Identifying all source metabolite-atom positions

The following code extracts the source metabolite indices in mets and computes the total number of carbon atoms of interest.
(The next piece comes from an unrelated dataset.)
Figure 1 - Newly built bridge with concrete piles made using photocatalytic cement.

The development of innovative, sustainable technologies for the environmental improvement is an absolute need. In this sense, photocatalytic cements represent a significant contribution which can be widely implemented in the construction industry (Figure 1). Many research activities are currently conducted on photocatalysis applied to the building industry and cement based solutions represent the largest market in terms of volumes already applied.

# Total number of atom type across all metabolites
atom_max = get_max_atoms(smiles, atom)

# Identify source metabolite indices and copies of atom
src_mets = get_source_metabolites(S)

# Number of carbon atoms in each source metabolite
max_src_mets_carbon = atom_max[src_mets]
# Source metabolites
mets[src_mets]
3-element Vector{String}:
 "Glc"
 "ATP"
 "H2O"
# Carbons in each source metabolite
max_src_mets_carbon
3-element Vector{Int64}:
  6
 10
  0

Enumerating metabolite-atom mappings across reactions

We then precompute an atom tracing dictionary mapping the (carbon) atom in the stoichiometric copy of a substrate to its product atom position across each reaction.
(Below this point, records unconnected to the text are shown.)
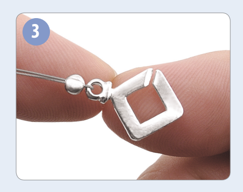
Once securely closed, Crimp Covers provide an ultrasmooth, clean finish.
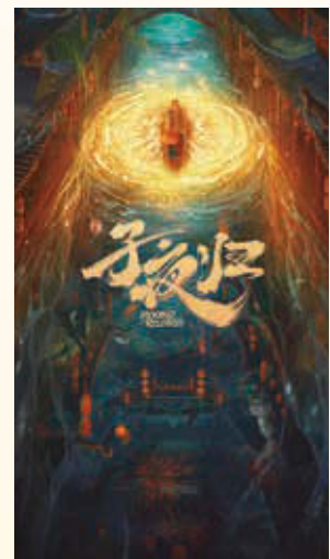
“Moonlit Reunion” 《子夜歸》
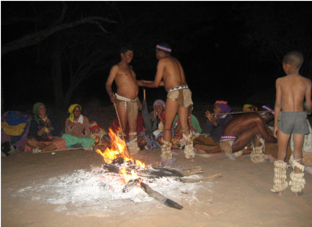
Figure 3. Healing dance

maintain the farm and pay the workers. The various activities include bush walking which is lead by a San guide, dancing by the fire and oral traditional stories told by the fire and healing dance. 6
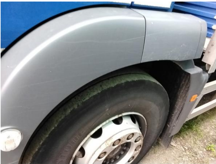
5: Wing nsf Scratched Over 25mm Thru Paint
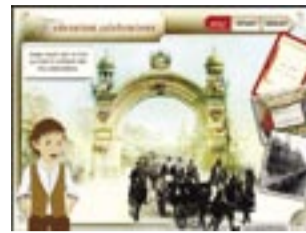
Citizens' Arch (Series) Learning Object

Developed by The Learning Federation for use in classrooms, this Learning Object assists in the exploration of Australian history for Australia Day. Through the Citizens' Arch (built in 1901 to celebrate the opening of the first Federal parliament) students find out about Australian Federation. The Citizens' Arch series includes:
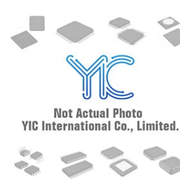
RT9198-28PBR RICHTEK RT9198-28PBR RICHTEK
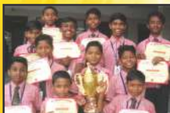
Sapphire House , Winners at Inter-House Khokho Tournament Junior Group - Boys.

# Precompute atom tracing dictionary
D_C = precompute_atom_tracing_dictionary(S, ms, atom_max, atom) # S must be Matrix{Int16}
D_C
Dict{NTuple{4, Int64}, Tuple{Int64, Int64}} with 62 entries:
  (3, 2, 1, 3)  => (5, 2)
  (2, 2, 1, 6)  => (4, 2)
  (1, 2, 1, 2)  => (3, 2)
  (2, 5, 1, 2)  => (4, 5)
  (9, 1, 1, 7)  => (6, 2)
  (6, 1, 1, 6)  => (9, 2)
  (9, 1, 1, 8)  => (10, 1)
  (3, 3, 1, 5)  => (6, 2)
  (2, 9, 1, 6)  => (4, 9)
  (3, 4, 1, 5)  => (6, 1)
  (9, 2, 1, 7)  => (6, 1)
  (2, 1, 1, 2)  => (4, 1)
  (6, 2, 1, 6)  => (9, 1)
  (9, 2, 1, 8)  => (10, 2)
  (2, 8, 1, 2)  => (4, 8)
  (3, 6, 1, 3)  => (5, 4)
  (2, 6, 1, 6)  => (4, 6)
  (2, 10, 1, 2) => (4, 10)
  (1, 6, 1, 2)  => (3, 6)
  ⋮             => ⋮

Conclusion

All of the code/functions described above are wrapped into preprocess_all_for_atomic_chmc(). If this wrapper function fails, you may need to step through these individual pre-processing functions to identify the error.